# Lost my "Annie', but getting new pup! Help!



## elizabeth (Oct 31, 2008)

Hi, thank-you all for the nice posts about my 12 yr.old Annie, whom we lost monday. I am starting to be able to function but in slow motion and still fall apart alot. But my husband and I feel really strong about a new pup so we pick her up on Saturday. She is 14 weeks old and has only been usinf pee pads. The UGODOG system is a smal square plastic box with a grate on top that is soft on their feet and you put the pee pads in the bottom. They have sold thousands and I have heard good things. We live in minnesota and while I would like to have her go outside I don't know what's best, annie was trained when we got her so I? have no idea what to do. Any suggestions??
Elizabeth


----------



## Dixie's Mama (Mar 19, 2008)

Well I am certainly no expert and I never had to housebreak a puppy in snow as you will. Myself, in your case, I would stick to pee pads and start training for outside in the spring. I used Chrisman's Pish Pads when Dixie was a baby and still have a hugh roll of it I never used. They wash & rewash over & over and are great, I think. Congratulations on the puppy btw.


----------



## The A Team (Dec 1, 2005)

My Abbey goes both outside and on her pee pee pads inside. (my boys prefer to go outside only).

Good luck and I can't wait to see pictures of your new little one.


----------



## GreenFuzzer (Jun 16, 2007)

I haven't used the UGODOG system but have looked at them online. We use a pee pad with a plastic grate over it similar in looks to the UGODOG system. I like it because it keeps Gracie's feet up off the pad while it is getting wet. I prefer Gracie being able to stay in the house when the weather is bad. 

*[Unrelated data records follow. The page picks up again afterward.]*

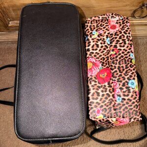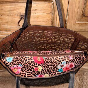 2 in 1: Laser Cut Out Black Leather Shopper and Leopard Cross Body Bag-Purse-Tote.
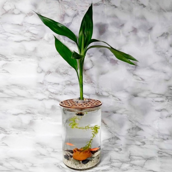 Nano Acuario de vidrio 16x10 cm. bambú de la suerte
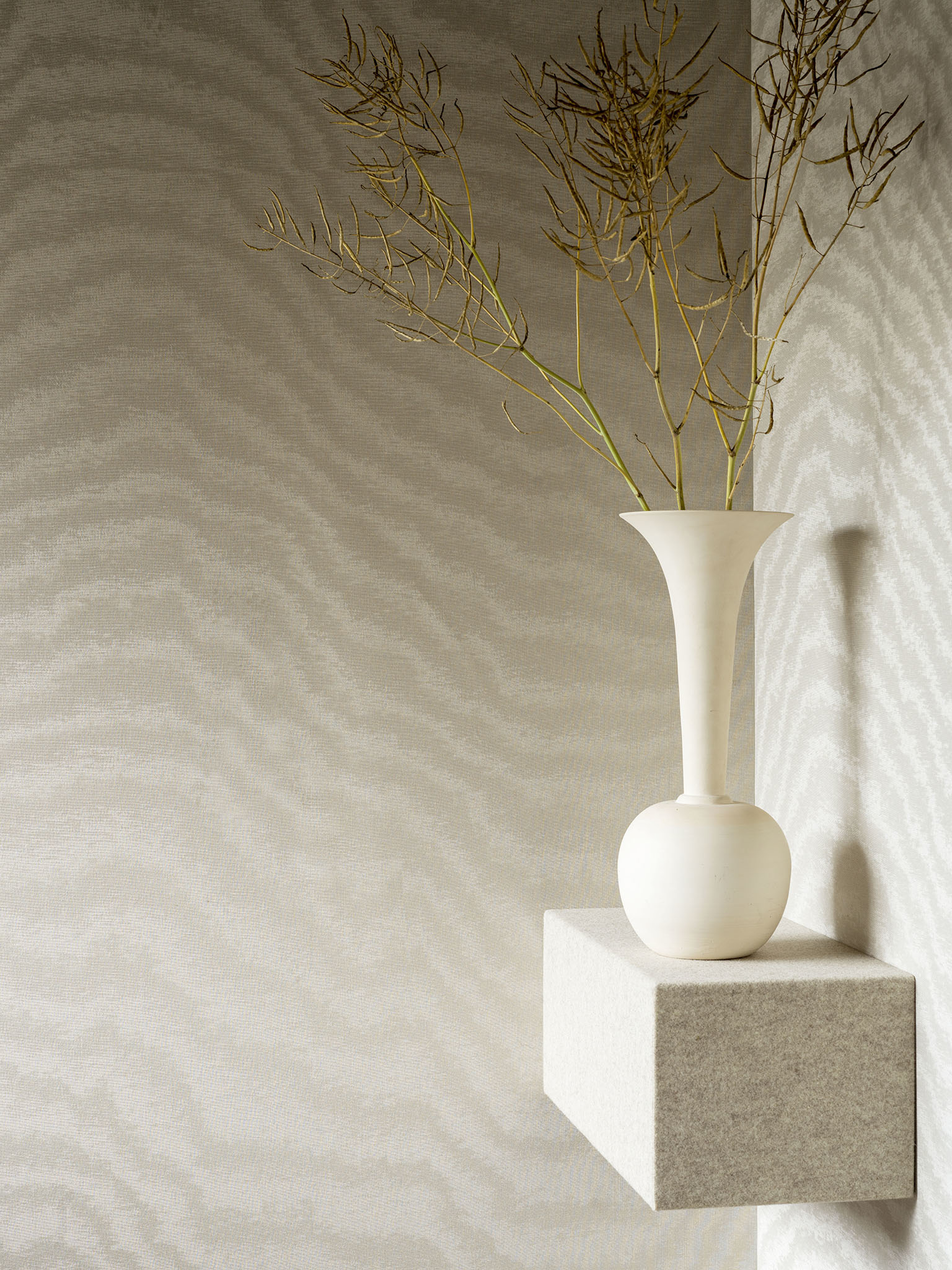 A classic and elegant fabric par excellence, this exceptional matt moiré is the result of a technique inherited from the 17th century. The partial crushing of the weft by calendering gives ripple effects by reflecting light on the crushed ribs. Laminated on non-woven fabric, this best-seller by Pierre Frey is now available as wallcovering in natural colours for easy installation.
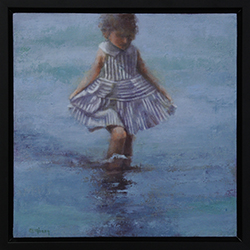 DESCRIPTION: Original oil painting on a 1" deep cradled board. Framed in a 3/4" faced black floater frame.
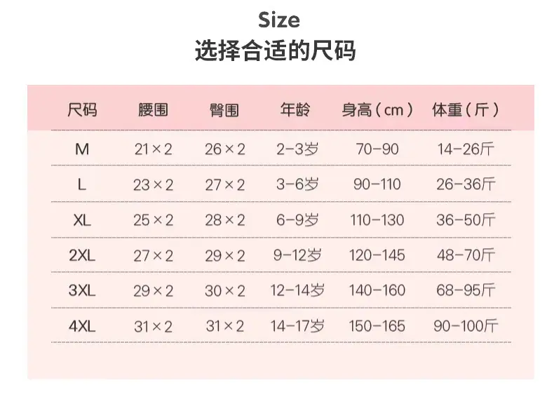 110cm(M size), 120cm(L size), 130cm(XL size), 140cm(2XL size), 150cm(3XL size)
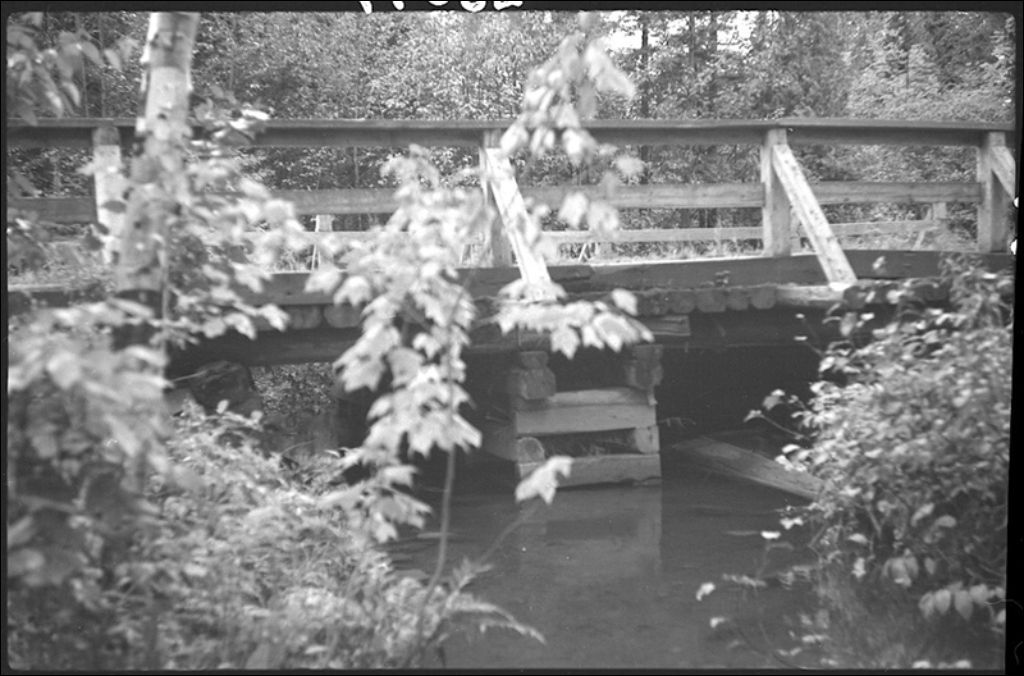 Pont Cross Point sur la petite rivière du Loup à Manneville, comté de Bonaventure, 1944, Archives nationales à Québec, Fonds Ministère de la Culture et des Communications, (03Q,E6,S7,SS1,D2,P23099), G. Brière.
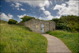 A medieval castle replaced by a now demolished Victorian mansion. King writes does not deserve the name castle but does write that possible medieval wall was found at SS886729. Close to an Iron Age Promontory Fort which is partly destroyed by coastal erosion. The 'manor place' recorded by Leland in the 1530's was evidently the building with a first-floor hall drawn by Francis Grose in 1775, and G.T. Clark thought that this incorporated part of of the C12 castle of the Butlers.

I have heard, and there was also a little bit of talk about this on the forum recently, about dogs relieving themselves on furnace register grates. This can be caused by many things but I feel it can be because of either being raised in wire bottom crates and/or using the grates over the pee pads. Thankfully I haven't had this problem with Gracie, knock on wood, but it is something to consider and to be on the watch for. 

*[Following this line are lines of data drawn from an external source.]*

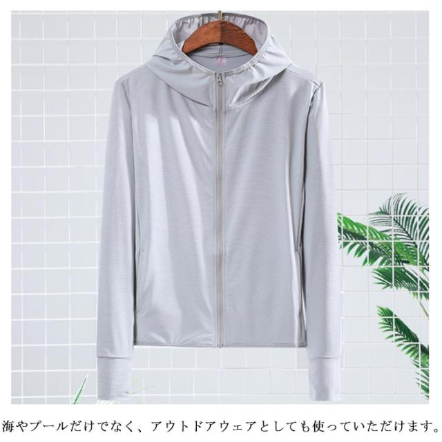 ラッシュガード レディース パーカー メンズ 水着用 長袖 体型カバー UVパーカー 紫外線対策 ひんやり 無地 アウトドア ビーチ 日焼け防止 フード付き
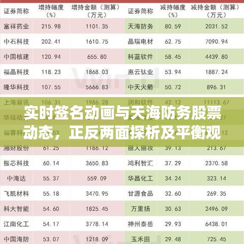 针对实时签名动画与天海防务股票的最新动态,我们需要从正反两面进行平衡考虑,对于实时签名动画而言,应该关注其技术创新与应用的同时,加强对其安全性、法律问题的研究,确保其在合法合规的前提下发展,对于天海防务股票而言,投资者应关注公司的业绩预期和行业发展前景,同时关注股市波动、行业竞争压力等风险因素,做出理性的投资决策。
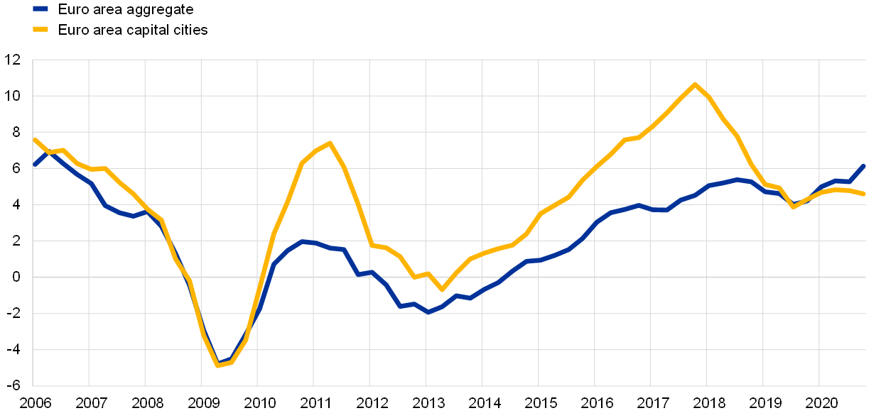 L’ultimo punto osservato dagli economisti della banca riguarda il confronto dei prezzi fra le capitali e il resto del paese. L’analisi parte dalla premessa che i diversi andamenti dei prezzi potrebbero essere spiegati anche alcuni fattori fondamentali, come le differenze di reddito regionale. Rimane il fatto che “nel corso del 2020 i prezzi delle abitazioni nell’area dell’euro in determinate capitali sono aumentati di 0,7 punti percentuali in meno, anno su anno, rispetto all’aggregato dell’area dell’euro”.
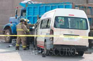 CIUDAD DE MÉXICO, 16JULIO2024.- Se impacto una combi de pasajeros como la parte trasera de un camión que dejó un saldo de 14 heridos y una mujer muerta, que viajaba de copiloto. Los hechos en boulevard Benito Juárez, colonia Lázaro Cárdenas. FOTO: ROGELIO MORALES/CUARTOSCURO.COM
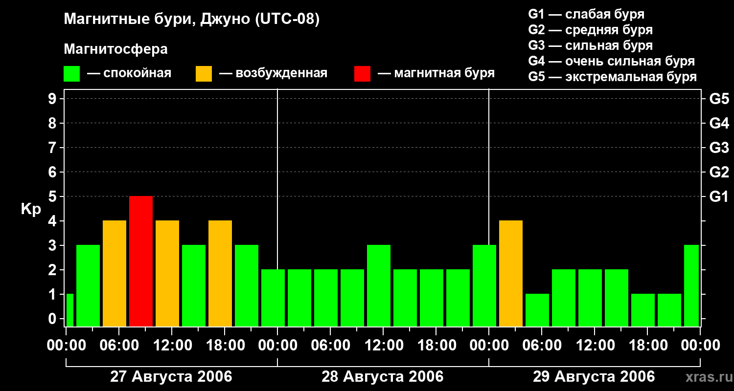 Изменения геомагнитного индекса Kp с 27 по 29 августа 2006 года для средних широт
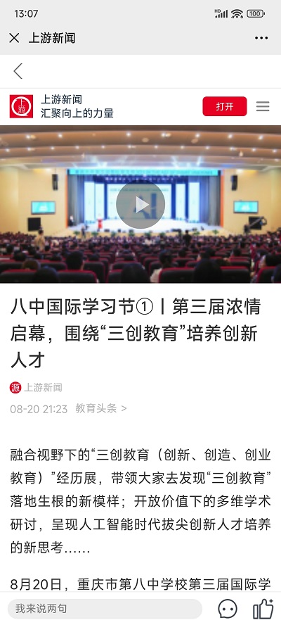 “三创教育”是什么?“三创教育”即ICEE,“I”为Innovation创新、“C”为Creativity创造、“E”为Entrepreneurship创业、“E”为Education教育。旨在培养孩子们的创新意识——看世界的眼光和视角;创造能力——将所学真正所用的能力;创业素养——找到自己的位置,为更多人创造价值的能力。重庆八中的国际学习节已经连续成功举办三届。
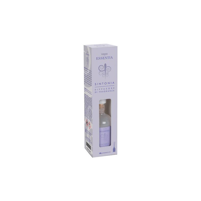 Vapo Essentia Sintonia è un mix di profumi che ricorda i colori dell'estate con i suoi frutti e i suoi fiori. Le note profumate di melone, cocomero, mela, limone e pompelmo si incontrano con quelle fiorite di violetta, magnolia e vetiver ricreando il ricordo frizzante e spensierato della bella stagione in buona compagnia.
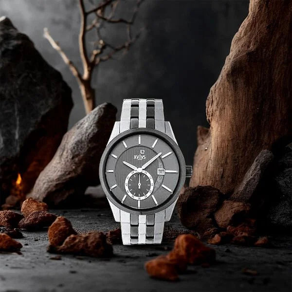Xylys Quartz Analog with Date Grey Round Dial Two Toned Stainless Steel Strap Watch For Men 40024km02e
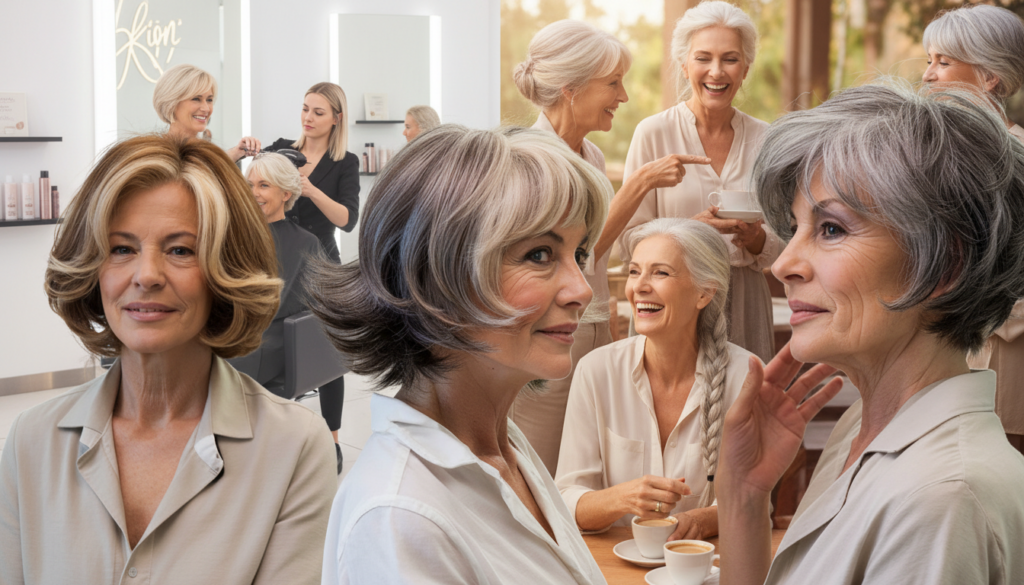 The women’s section of the salon is noisy with hair dryers and quiet with secrets. Three women in their sixties sit in black capes and talk under the buzzing fluorescent lights on a Tuesday morning, between school runs and orthopaedic appointments. One person is asking for ‘that layered bob that takes ten years off’, while another is looking through pictures of famous people with fringe and zooming in on a shiny silver pixie cut. The third person runs a hand through her thinning, completely natural hair and says, almost apologetically, “I don’t know… maybe I should do something.”
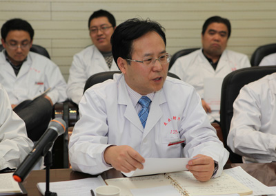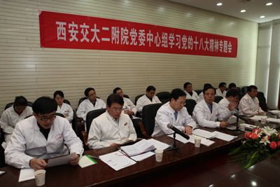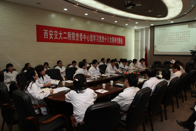 院长贺西京带领与会人员学习了中国共产党第十八次全国代表大会关于《中国共产党章程(修正案)》的决议,并围绕十八大报告提出的要做好人民健康服务的要求,结合我院实际重点讲了三个方面。

Even if you decide not to use the UGODOG system I would still go with indoor training at least supplemental to the outdoor. It is easier all around if the weather is bad, someone is ill, or we miss the sign our fur butt gives us for needing to potty. 

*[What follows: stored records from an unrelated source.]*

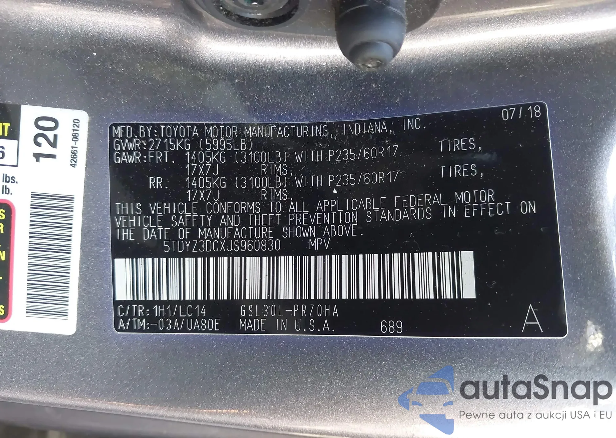 • VIN 5TDYZ3DCXJS960830
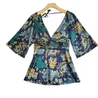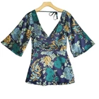 Y2K Guess Women's Silky Side Zip Kimono Style Deep V-Neck Top Small
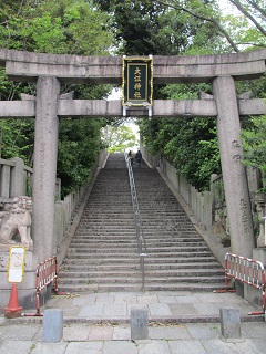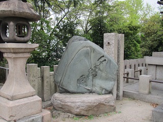 大江神社の101段もある長い階段(百歳の階段)を登りきり境内に入って行くと「夕陽丘」碑の側に「あかあかと日はつれなくも秋の風」と刻まれた古い芭蕉句碑があって、文字がかすかに残っていた。 |

Good luck with the new little one. I look forward to the pictures.


----------



## Maidto2Maltese (Oct 19, 2004)

My Naddie (rescue) trained to outdside as have all pooches we've had. 
I didn't even know about pee-pads till maltese board.!! Naddie had bad beginning and was very confused and also 'fearful' of anyone seeing her 'go.' It's believed she was punished and she felt she had to go in secret. Training was a challenge. We eventually got thru it and all is well with her... she's an outside gal. 
Then we got little Quincy... he was 100% pee-pad trained. Just the pad on the floor and once he knew whare his pad was.. he is 100% accurate about going to it. if he can't get to it he'll hold till he can...but that is rarely the case. At first I thought I'd try to eventually train him to outside but didn't want to confuse him... so stuck with the pee-pads to start. Just thought well when Naddie goes .. if he goes I'll just praise and see what happens. Well he NEVER ever goes outside.. not even a single 'marking'. 
Then winter arrived (we live in upsate NY.)..and gotta say it was a pleasure to not have to deal with both dogs having to go out!! Especially on those miserable stormy mornings! 
If I ever got another... think I'd do the same.. train to pee-pad. . Nice when they'll adapt to both in or out... but if one or the other... I'm a conformed pee-pad gal LOL 
I never attempted the grate etc.. just the direct on the floor.. easy clean up as far as I'm concerned.


----------



## mss (Mar 1, 2006)

If you think you might ever want to travel with your dog, in my opinion don't get them used to having to have a box or any other elaborate system. You can always pack a few puppy pads, or find them fairly easily when you arrive at your destination. (Mine use pads made for humans that I buy at a large chain drugstore. They don't need the scent to attract them to the pad anymore.)

And congrats on the arrival of Bella, which you write about in another thread. :biggrin:


----------



## drclee (Jul 16, 2008)

We have two UGODOGS and I love them. Jack took to it right away, but it took Jill at least 2 months to use them. It takes a while for them to get used to the texture. I have both UGODOGS and the pee pads in the holder. They use both interchangeably. I don't think they prefer one over the other. The UGODOGS are great because you only have to change the pee pad once a day. I tried using newspapers as a way to save money, but they got so soaked, they would drip and it would be a mess to clean up. The pee pads absorb the liquid, so it's not messy.
My dogs go exclusively inside, so I have 2 UGODOGS and 2 pee pad holders. I highly recommend it!


----------



## Scoobydoo (May 26, 2005)

I have the wizdog for Koko and he does great on it, always has. I also have two larger size trays with grates and use them downstairs, he uses either one without a problem. 
I am interested in the UgoDog one because it looks somewhat larger than the Wizdog potty, is that right?
Scooby is a strictly outside potty boy and in the bad weather that can be a real drag but he has never used pads at all and won't even try, where as Koko will go outside if he is out but still use his potty inside as well


----------



## mss (Mar 1, 2006)

Don't you end up with a little extra work, having to wash the mesh or grates on those?


----------



## drclee (Jul 16, 2008)

QUOTE (mss @ Nov 17 2008, 11:48 AM) index.php?act=findpost&pid=672314


> Don't you end up with a little extra work, having to wash the mesh or grates on those?[/B]



Not really. The website says to rinse them once a week. But I spot-clean. If there's poop stuck on it, then I use a wipe and clean it off. I also use the wipes to give them a quick cleaning. But it's super fast and easy.


----------